# 2-Achsen-Steuerung



## Yogixxx (28 August 2009)

Hallo Ihr!
Da ich neu im Forum bin, weiß ich nicht so ganz genau, wo mein Beitrag ganau hin soll... sonst müßt ihr ihn verschieben!...

Folgendes Problem stellt sich mir seid kurzem:

Ich soll eine Steuerung entwerfen, welche eine 2-Achsen-Steuerung (vielleicht später auf 3-Achsen erweitern) durchführen kann. Mit Bedienoberfläche und Kopierschutz.
Die Aufgaben der Steuerung soll relativ simple sein, so soll zB ein Sinus oder andere Formen abgefahren werden können.

Meine Frage ist nun, mit welchem Programm würdet ihr das realisieren? (TwinCat ist zB vorhanden)
Welche zugehörige Hardware würdet ihr empfehlen (Beckhoff-Klemmen?)

Und nicht das einer hier glaubt, ich wollte jetzt die ganze Arbeit durch das Forum erledigen! Ich will hier nur Anregungen finden, welches Programm oder Hardware empfehlenswert für die Aufgabenstellung ist.
Nachher bei der Programmierung werde ich sicher nochmals fragen müssen, aber das steht momentan noch nicht im Raum.

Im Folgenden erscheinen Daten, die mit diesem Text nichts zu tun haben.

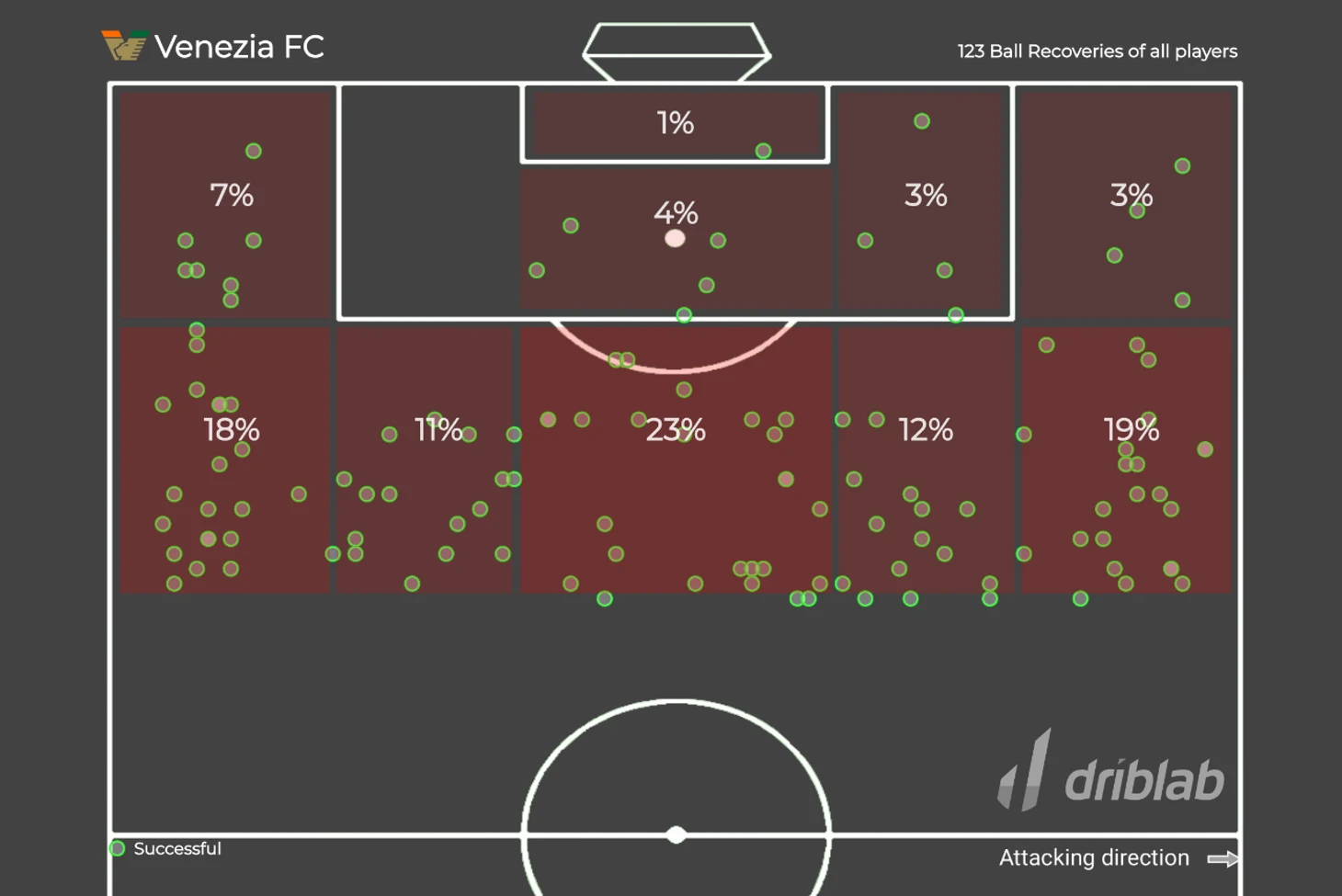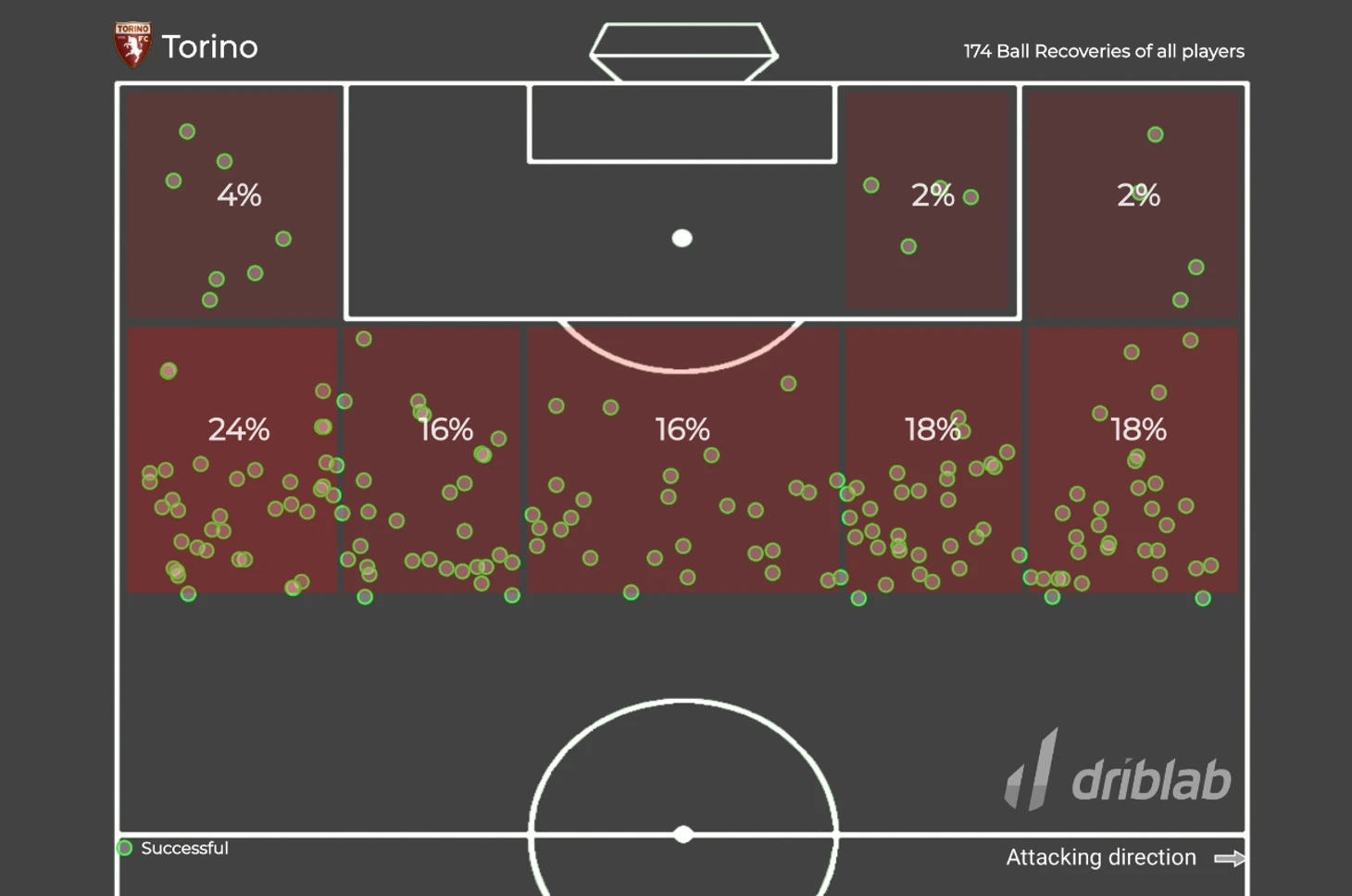 Парадоксально, но это правда. Стиль предыдущей команды Паоло имел определенную схожесть со стилем прошлогоднего «Торино», главным же образом по части высоких возвратов. Но есть, как говорится, нюанс: «Венеция» играла в Серии Б, сталкиваясь с куда меньшим сопротивлением во всех игровых фазах. В частности, доля экстремально высоких возвратов (у лицевой линии) венецианцев была значительно выше, нежели у «быков».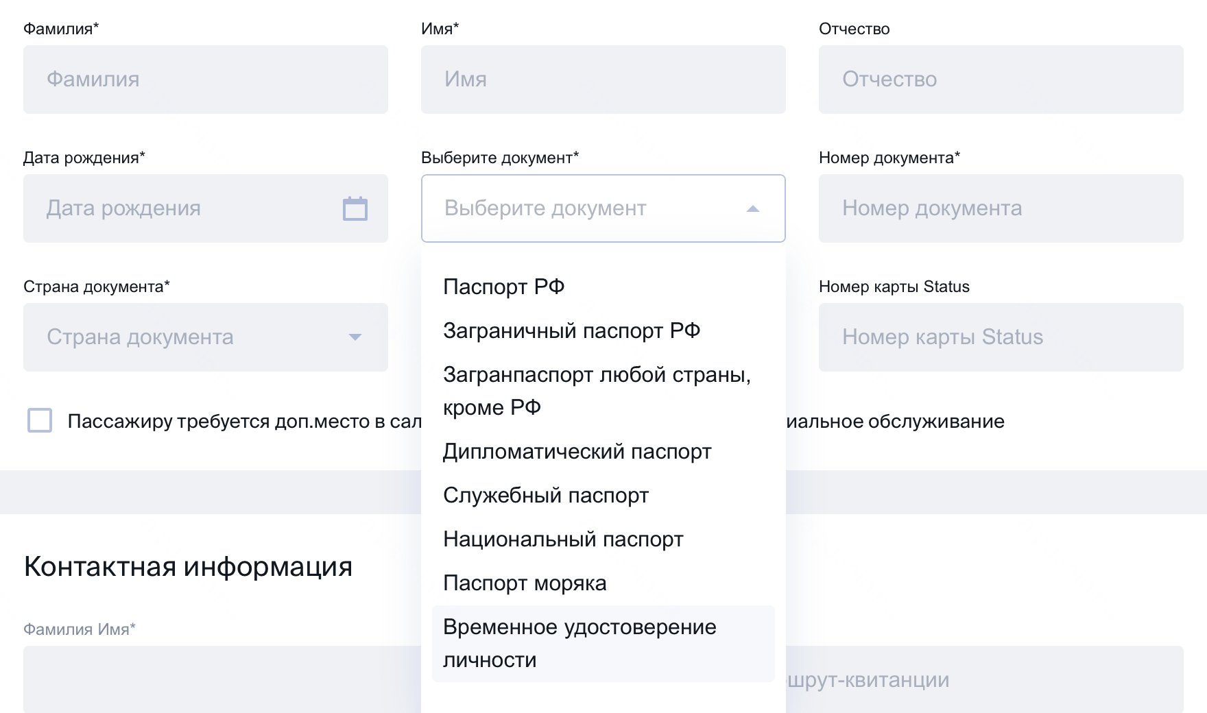 Если человек купил билет по одному документу, а на регистрации будет предъявлять другой, ему тоже придется изменить бронирование. Такая ситуация может возникнуть, например, когда пассажир купил билет на российский паспорт, а летит по заграничному.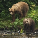 Kodiak brown bear sow and cub look along the river ban for an easy salmon catch. Kodiak brown bears are a distinct subspecies from mainland brown bears; they have been isolated on the archipelago since the last ice age, about 12,000 years ago. A rich variety of vegetation, salmon, and berries provide ideal habitat for bears, and their population flourishes - estimated at about 3,000 bears within the boundaries of the Kodiak Refuge.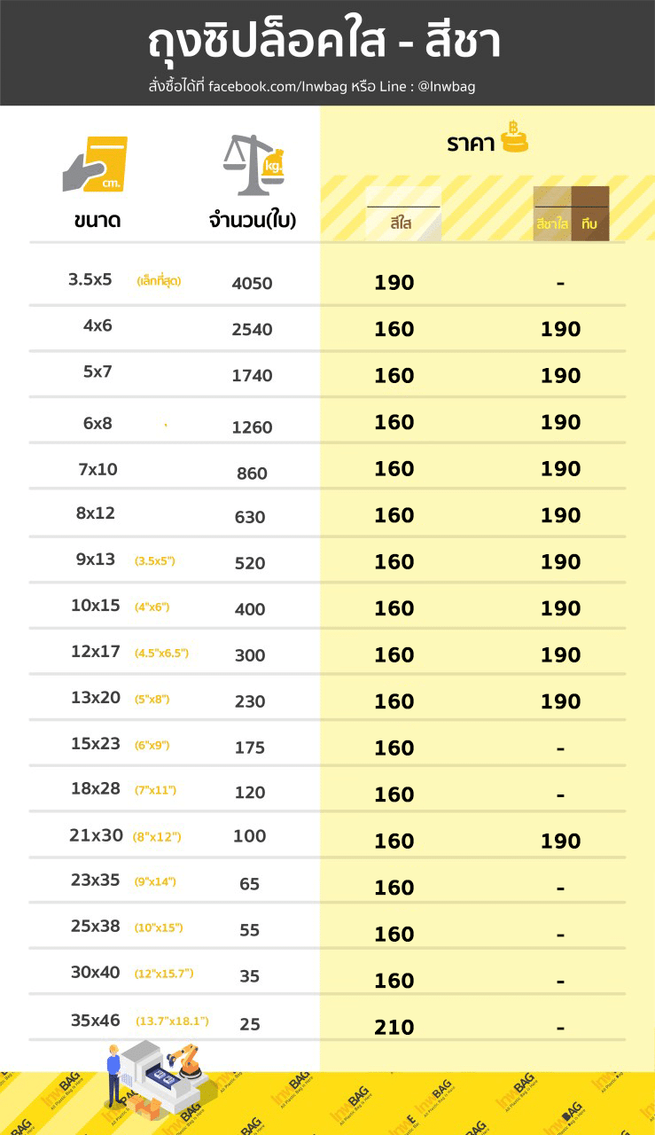 ตารางขนาด และราคาถุงซิปล็อคใส - ซองซิปใส - ถุงซิบล็อคใส - ซองซิบใส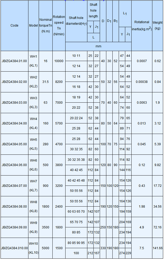 WH (KL) type slider coupling Features and applications: can not buffer, reduce vibration, small radial size, small moment of inertia. Suitable for two-axis joints with small torque, little change in load, and no severe impact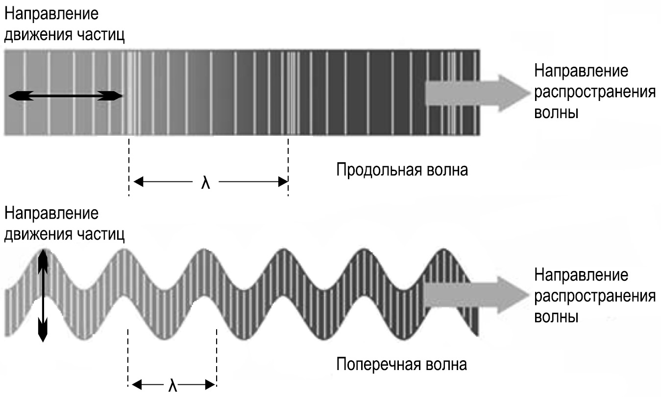 Любое колеблющееся тело (например, периодически сжимающаяся и разжимающаяся до прежнего состояния твёрдая пластина) заставляет колебаться себе в такт окружающую воздушную, жидкую или другую среду. Упругие механические колебания среды выражаются в том, что прилегающие к твёрдому телу слои воздуха или жидкости периодически поочерёдно сжимаются и разрежаются (разжимаются). Каждое колебание среды, состоящее из одного сжатия и разрежения, называется волной. Энергия, которую получают прилегающие к твёрдому телу слои воздуха или жидкости (и в результате которой они колеблются), передаётся соседним слоям, вызывая, соответственно, их колебания; другими словами, волны распространяются в среде, окружающей колеблющееся тело.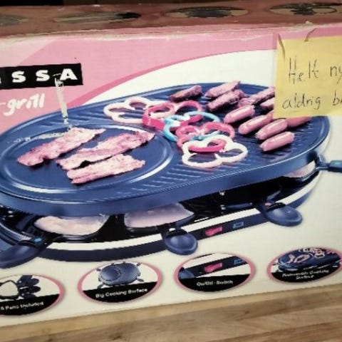 Melissa Fiesta elektrisk bordgrill. Har aldrig været brugt, men emballage har været åbnet. I original emballage (emballagen har fået lidt knubs, men det er ikke gået ud over grillen på nogen måde). Kan bruges både inde og ude.
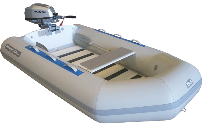 Flexboats TD8 is an economical alternative for a weekend adventurer. The TD8 is less expensive to operate and great for boat lovers on a budget. Flexboats are made of durable Hypalon (Orca 828) material. The TD8 is simple to roll up and stores in a small space. In addition to its own carrying case, the TD8 comes complete with 2 paddles, foot pump, air valve adapter, repair kit, owners manual and one bench seat. No assembly is required. Blow up the 2 chambers and you are ready for a day on the water. The 5HP Honda Outboard motor is the perfect companion for this 4 passenger inflatable boat. Motor sold separately.

Könnt ihr mir da weiter helfen?

DANKE, Yogixxx


----------



## Beren (28 August 2009)

*gelöscht*


----------



## Yogixxx (28 August 2009)

ja, das ist doch schon mal was... Habe ich auch schon von gehört...
Wenn noch jemand was dazu sagen kann, immer her mit den Vorschlägen!!!


----------



## Beren (28 August 2009)

*gelöscht*


----------



## Ralle (28 August 2009)

Wenn ihr TwinCat habt, dann würde ich eher die Optionen von TwinCat ansehen. Entweder Twincat PTP, da müßte man dann aber sowas wie Sinus, Interpolation etc. selbst machen, oder besser TwinCat NC I, da hat man dann auch NC-Funktionalitä wie M- und H-Funktionen, Interpolation etc.


----------



## Beren (28 August 2009)

*gelöscht*


----------



## Yogixxx (28 August 2009)

Beren schrieb:


> Was willst Du denn genau machen?



Ich will wie schon oben ein wenig erklärt, eine Steuerung entwerfen, welche mich eine beliebige Kurve abfahren läßt.

Wie z.B. eine Drehbank. Ich will einen Kerzenständer drehen und verfahre so meine x- und y-Achsen, dass nacher eine beliebige Struktur heraus kommt.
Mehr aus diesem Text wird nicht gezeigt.